И действительно, робот перестал светиться пузом и бормотать что-то по-японски.

— Принеси мне такого же, что тебе стоит, — попросил Дельф и вдруг просиял от новой идеи: — Знаешь что, давай вместе съездим в Японию и выберем там робота получше!

Ваксон осторожно возразил:

— Ты знаешь, это не так-то просто. Ты думаешь, что Япония — это детский магазин, но это не совсем так. Япония — это густозаселенная страна на другой стороне земного шара.

— Огромнейшая странища, так, что ли? — на грани восторга спросил Дельф. — Небось, больше чем Москва-ква-ква?

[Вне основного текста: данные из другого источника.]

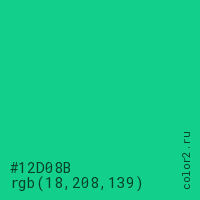 Цвет #12D08B в цветовой модели RGB обозначается тремя октетами (18, 208, 139) в десятичном формате и #12D08B в шестнадцатиричном (hex) формате, которые являются интенсивностью красного 18 (hex 12), интенсивность зелёного 208 (hex D0) и интенсивность синего 139 (hex 8B).

— Ну, не совсем так, мой Дельф: она, конечно, в десять раз больше, чем Ква-ква по населению, однако по территории она юлит вслед за Советским Союзом, как ящерица вслед за коровой.

Дельф ахнул:

— Вот это да! Ну и ну! Ящерица за коровой!

Ваксон с некоторым раздражением подумал о жене. Она ему даже не рассказала о Японии! Странная все-таки эта Мирка. После иняза блестяще знает английским, а книг по-английски не читает. Отменным обладает вокалом, а в джазе не поет. Чем она живет, кроме подозрений?

Тут как раз в детскую вошла жена. Посмотрела исподлобья.

— Ну, а теперь ты куда собрался?

— Теперь в Аргентину, — сказал он. И замер в ожидании се реакции на такую сногсшибательную новость.

— Па-анятно, — процедила она и вышла из комнаты.

Ваксон прислонился к притолоке. Она не верит ни одному моему слову. Три дня назад, когда он вернулся домой после кремлевской порки, она стала кричать: «Где ты шлялся?! Где тебя черт носит?! Ты страшный человек! Пора с эти м кончать!» Сегодня эти вопли еще впереди.

Он уселся на полу посреди игрушек, вытащил из кучи патрульный джип, извлек из него батарейку, открыл пузо любимому роботу и сменил источник энергии. Робот немедленно осветился и зашагал под кровать, бормоча японскую абракадабру. Дельф завизжал от счастья: «Ура! Ура! Папка робота оживил!»

Мирра вернулась с вопросом к сыну: «Дельф, ю ар рэди фор ауа диннер, арен'т ю?» Значит, ее инглиш все-таки не совсем пропал втуне, возн'т ит? Может быть, двуязычного мальчишку вырастит? Интересно отметить, что в этой, так сказать, «конфликтной» семье любая положительная мысль немедленно вызывала изменение в тоне речевых коммуникаций в сторону нормализации. Так произошло и на сей раз. Мирра мирно спросила:

— Ну, куда ты все-таки собрался-то, Вакса? В Грузию, что ли?

— Ну что ты, Мирка, эдакая стала Фома-невера? В Аргентину еду на кинофестиваль. Вот и документы уже выдали в министерстве, и башли.

Он показал паспорт с визой, билет на самолет и аргентинские песо, каждый билет которых был похож на искусную гравюру с изображением каких-то национальных битв.

— Да неужели это возможно после Кремля? — спросила она.

Ага, значит, она и о кремлевских поприщах что-то знает.

— Я сам ничего не понимаю, — проговорил он.

Внезапно Мирка ахнула, закусила губу и схватилась за бок. Взвыла Васёна. Заплакал Дельф. Не спрашивая, Ваксон бросился к телефону. Недели две назад у жены стали проявляться признаки желчнокаменной болезни. Несколько раз вызывали неотложку. Апоморфин снимал боли, но несколько часов после закупорки желчных путей Мирра не могла встать. Так получилось и сейчас.